#### [Your objective]
Beginning with the line that holds "ピカキュウ,LED専門店ピカキュウ,LEDバルブ,SMD,LED,T16,3Chip High Power" and finishing with the line that holds "无需手动搜索与分析;一键分析", repeat the listing exactly, leaving every picture out.

#### [Input data]
═══
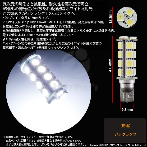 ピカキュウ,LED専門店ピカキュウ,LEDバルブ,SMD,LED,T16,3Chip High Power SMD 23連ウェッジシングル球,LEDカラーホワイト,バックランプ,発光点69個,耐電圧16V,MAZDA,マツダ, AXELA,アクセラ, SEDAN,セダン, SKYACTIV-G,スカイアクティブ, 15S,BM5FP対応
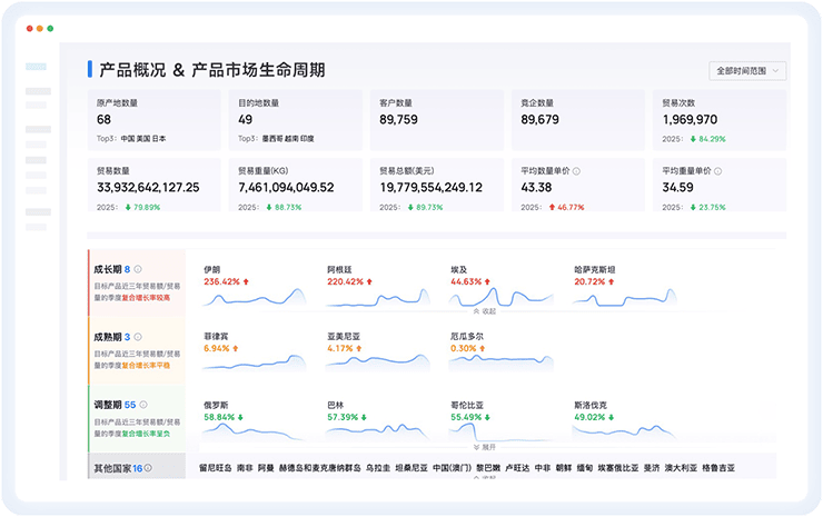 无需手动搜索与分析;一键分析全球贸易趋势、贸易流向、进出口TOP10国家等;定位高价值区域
═══
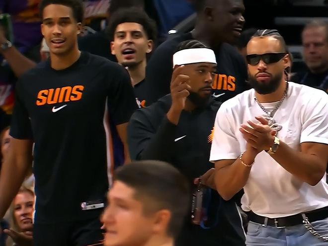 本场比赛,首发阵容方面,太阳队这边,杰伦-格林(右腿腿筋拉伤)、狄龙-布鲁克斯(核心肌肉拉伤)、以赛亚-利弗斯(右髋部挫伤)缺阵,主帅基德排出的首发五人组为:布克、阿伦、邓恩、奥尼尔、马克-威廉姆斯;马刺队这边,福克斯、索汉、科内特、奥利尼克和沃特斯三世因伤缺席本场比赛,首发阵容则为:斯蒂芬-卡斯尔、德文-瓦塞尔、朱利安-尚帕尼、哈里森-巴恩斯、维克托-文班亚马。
═══
#### [Answer to this task]
 ピカキュウ,LED専門店ピカキュウ,LEDバルブ,SMD,LED,T16,3Chip High Power SMD 23連ウェッジシングル球,LEDカラーホワイト,バックランプ,発光点69個,耐電圧16V,MAZDA,マツダ, AXELA,アクセラ, SEDAN,セダン, SKYACTIV-G,スカイアクティブ, 15S,BM5FP対応
 无需手动搜索与分析;一键分析全球贸易趋势、贸易流向、进出口TOP10国家等;定位高价值区域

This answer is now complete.